Here are the top news stories in talent & organization from this week.

How to comply with equal pay laws

New York state’s broadened equal pay laws will go into effect on Oct. 8, making it the latest jurisdiction in the U.S. to do so. Similar state efforts will also go into effect later this month in Alabama, Maine and Illinois. New York’s new law will require equal pay for “substantially similar work,” not just “equal work,” making it illegal for employers to base compensation packages on a job title. It also broadens the list of protected classes to include not just gender, but also gender identity and expression, race, sexual orientation, marital status, age and others. Alonzo Martinez has several suggestions for employers to comply with the new laws: 1. Decide whether to comply with the laws in the jurisdictions with laws in effect or pick a holistic approach. 2. Make sure the third-party vendors you use abide by the laws. 3. Circulate information to all managers involved in hiring and salary decisions. 4. Complete a pay analysis and fix any discrepancies. “Lawmakers are embracing pay equity, and that means employers must get on board if they haven’t already,” he writes in Forbes. “Now’s the time to tailor your own workplace policies and practices to ensure that all workers earn a fair and equitable wage based on their work product and skill, and nothing else.”

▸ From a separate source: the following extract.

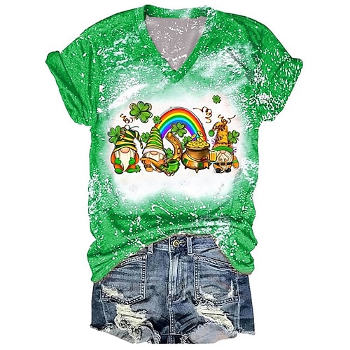 Maglietta da donna di San Patrizio T-Shirt Casual Maniche Corte Collo a V Regolari Tops Stampa Quotidiana Rosa Verde Estate

Go beyond hiring with diversity

In order to tap diversity’s full benefits, companies need to look beyond hiring and expand it into all aspects of business, argues Robert Glazer. “If you value different backgrounds and perspectives in your own organization and have seen these benefits, the natural step is to work with vendors who have the same hiring philosophy,” he writes in this Inc. blog post. “Not only are your values aligned, but you’ll also get better results from vital partners.” Glazer recommends rethinking procurement strategies for vendors, broadening the customer base, and focusing on mentorship programs. “If we want to make strides in diversity, both leaders and companies will need to look beyond their own four walls,” he writes. “Until then, vendors will serve up the same ideas, mentorships will be less mutually beneficial, and businesses will be worse off as a result.”

America’s top CEOs call for better corporate citizenship

Earlier in August, the lobbying group Business Roundtable made a call to its members to “share a fundamental commitment to all of our stakeholders,” while pledging “to deliver value to all of them, for the future success of our companies, our communities and our country.” The group specifically mentioned investing in employees by compensating them fairly and providing important benefits, and offering more training opportunities for them to develop new skills for a rapidly changing world. “It is, without a question, a huge deal,” Rick Wartzman notes in Fast Company. “The pressure for business to put an end to shareholder primacy has been building from a variety of quarters. Younger workers, in particular, are looking for employers that have a loftier purpose than merely maximizing their profits.” Wartzman admits the Roundtable’s new agenda will not be easy to achieve, but claims it is worth the effort. “The words of the Roundtable—a Who’s Who of those at the helm of the largest U.S. corporations, from Abbott to Zebra Technologies—matter a lot. In the end, though, it is the actions of Roundtable members that will matter the most,” he concludes.

What HR can do to deal with the effects of Hurricane Dorian

Considering the risks that major storms such as Hurricane Dorian present to life and property, HR has a key role to play in helping organizations prepare for and cope with the aftermath, claims Andrew McIlvaine. He notes Walmart’s example, in which the company has established ways to update contact information, offer employees work in other locations, and provide licensed counselors at no charge to them. “HR should also be ready to help their companies avoid public-relations disasters,” McIlvaine writes in HR Executive. “During Hurricane Irma last year, some Florida residents complained of being coerced by their employers to report to work regardless of the storm or else be fired.”